Trendway, a small but growing player in the office furniture industry with nearly $100 million in annual sales, last week named Mark Groulx as president and chief operating officer. He’ll assume responsibility for day-to-day operations of the company when he starts April 9.

Company President Don Heeringa, whose family bought Trendway in 1973, will become chairman and chief executive officer and give up the day-to-day duties in order to focus on Trendway’s long-term business strategy.

The addition to the company’s top management comes at a time when Trendway has set a goal of doubling its size within five years. That required the 54-year-old Heeringa to split his duties and recruit new leadership as he focuses more on “the bigger picture issues,” he said.

“We have some pretty ambitious plans,” Heeringa said “The issue was providing added management and leadership to provide guidance as we head to the future.”

In Groulx, Trendway found someone “who possesses the character traits and management style that will complement our business goals,” Heeringa said.

The 45-year-old Groulx (pronounced grew) has 24 years of experience in the manufacturing sector, most recently serving as president and chief operating officer for Prince Manufacturing in Holland, a metal stamping company he helped to start in 1997 with Erik Prince, son of the late Edgar Prince.

Groulx previously worked in the office furniture industry as a senior vice president of operations at Herman Miller Inc., from 1993 to 1997.
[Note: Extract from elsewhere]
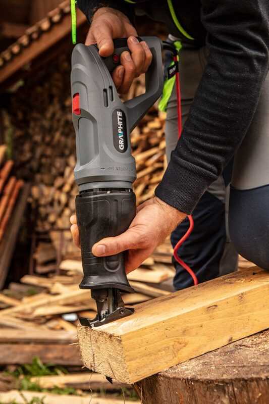 Sega alternativa GRAPHITE, compatibile con batterie Li-Ion GRAPHITE Energy+ da 18 V, progettata per il taglio di legno, metallo e plastica. La sega è dotata di un portautensili a due posizioni adatto per la sostituzione rapida e senza attrezzi della lama. La velocità di avanzamento della lama è regolata dal grado di pressione sul pulsante dell’interruttore. L’interruttore è protetto contro l’azionamento accidentale. L’elevata durata del mandrino consente di lavorare con carichi pesanti. La sega è dotata di un piede di supporto mobile che consente di modificare l’angolo di attacco della lama. Per sicurezza e comodità , la maniglia è stata ricoperta con materiale antiscivolo.

Groulx was drawn to the Trendway position because it offered a chance to return to the office furniture industry. Trendway is also “the right size” company where he can have a significant impact on its direction and future, he said.

At Herman Miller, Groulx said he “learned to love” the office furniture industry. The allure stems from the need to possess a “creative element” to handle the design side of the business, while also having a good understanding of operational disciplines, Groulx said.

“It’s one of those business where you have to use both sides of your brain to be successful,” he said.

Trendway, which serves primarily small and medium-sized companies, employs nearly 500 people at its 420,000-square-foot Holland Township facility.